La langue maternelle, ma langue – celle dont Hannah Arendt disait que c’était la seule où « je me permets des choses », à savoir les néologismes qui tentent de nommer proprement les choses pour les voir, les « saisir » dans leur apparition, ou originalité – est-elle inhospitalière ?
Le faire-en-poème (poïen ta poiémata de la technè poétique en vieux grec) est un dire : quand dire, c’est faire : telle est sa « performativité ».
Est-ce que ça fait grand-chose, s’inquiète le poéticien en tout poète ? Le grand-dire (megaloagoreuein le texte de Longin) ou parole sublime, change-t-il quelque chose au cours inexorable des choses, actuellement génocidaire et géocidaire ? La beauté en langue peut-elle contrepeser la misère ? Elle ne le pourrait que si l’amour de sa langue chez l’être-parlant l’attachait encore à la terre et à son monde.
À ce point, faisons place à l’anxieuse objection des « identités nationales » à l’égard de l’étrangeté les unes aux autres des « langues étrangères », pareilles à des hôtesses méfiantes qui se dressent contre « l’invasion de leur culture » par les allophones ! J’ausculte le rapport du nom propre au néologisme.
Une promenade récente en Eure-et-Loir me fit traverser une localité nommée « Nuisement » ; beau nom français qu’on dirait de la famille étymologique de la « nuisance ». L’ouï-dire poétique qui jouit de sa langue s’éjouit ici singulièrement : le nom propre est (comme) un beau néologisme. Ainsi Aragon égrenant les noms propres et donnant à la littérature son poème fameux des « cent villages ».
Ce sont les racines… dans la langue ; ces fameuses racines du patriotisme populaire, que les « étrangers », tous les venus-d’ailleurs, ne peuvent entendre dans leur chaire parlante, et que les Messieurs de la Souche moliéresques préfèrent.
Ma langue serait-elle inhospitalière ? Il faut entendre cette crainte idiomatique « idiotique ». Le global anéantirait la localité, la topo-logie du lieu ; et le globish peu à peu le poème du lieu (la « formule du lieu » dirait Rimbaud).
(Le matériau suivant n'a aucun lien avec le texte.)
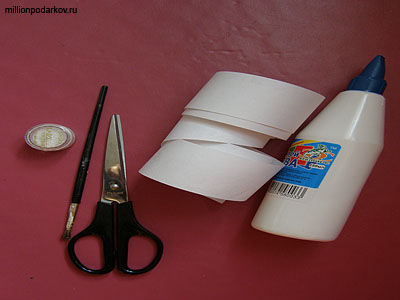 Для поделки объемной из бумажной ленты понадобиться ленточная бумага, клей, кисть, ножницы, блесточки
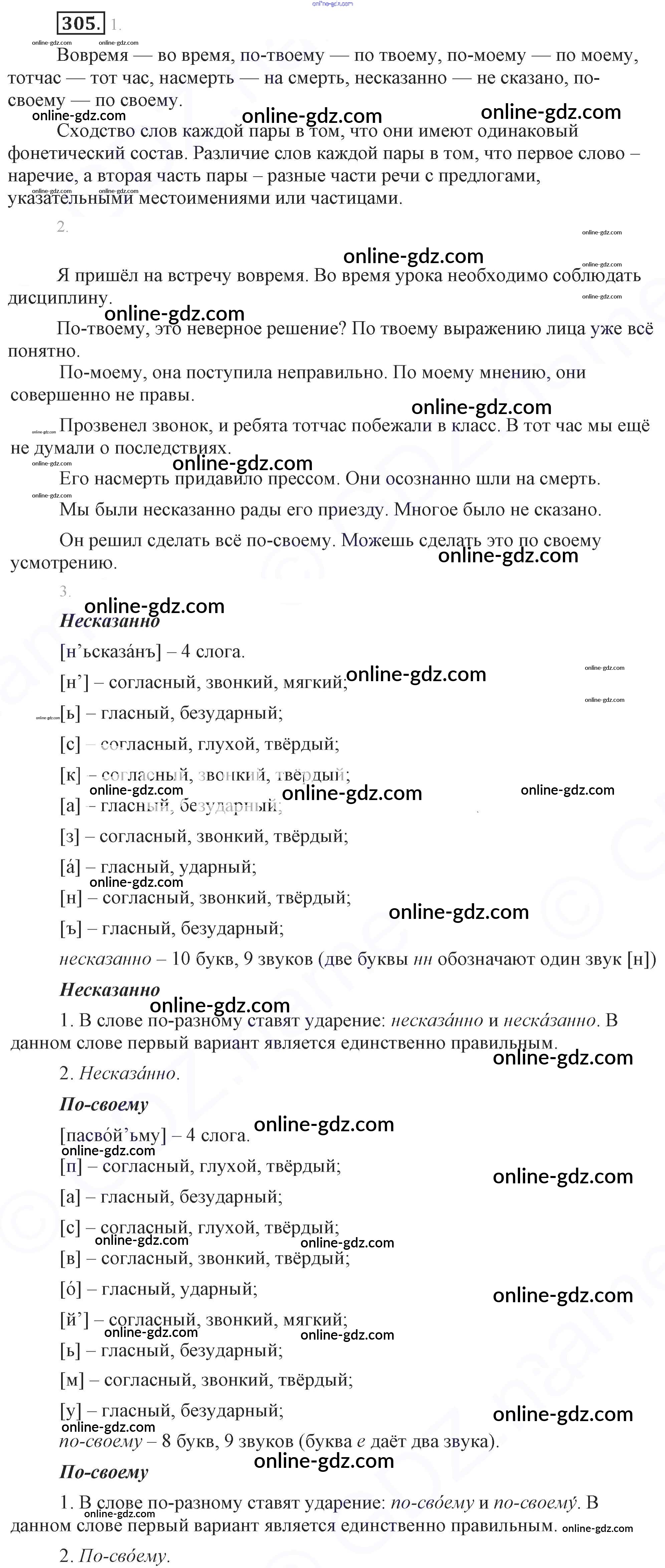 Готовые домашние задания по Русскому языку за 7 класс Учебник Разумовская, Львова УМК 2014 - Упражнения 305

Ici entre en scène la traduction. Le traduire est le grand médiateur, la condition de possibilité effective du se-parler des humains (depuis que nous sommes un « Gespräch », disait Hölderlin). La traduction n’est pas seulement la langue de l’Europe, comme aimait dire Umberto Eco, mais la langue du monde. La logogenèse, en centaines de milliers d’années, fut un « traduire ». L’accueil de l’étranger, devise d’Antoine Berman au fronton de la traductologie, confie sa grande tâche à la traduction. Et non pas aux machines à traduire ni au desesperanto du globish (quelle que soit l’utilité d’un parler fonctionnel d’aéroport). Mais à la re-traduction de génération en génération, de la mise en œuvre des langues et du renouvellement de l’herméneutique.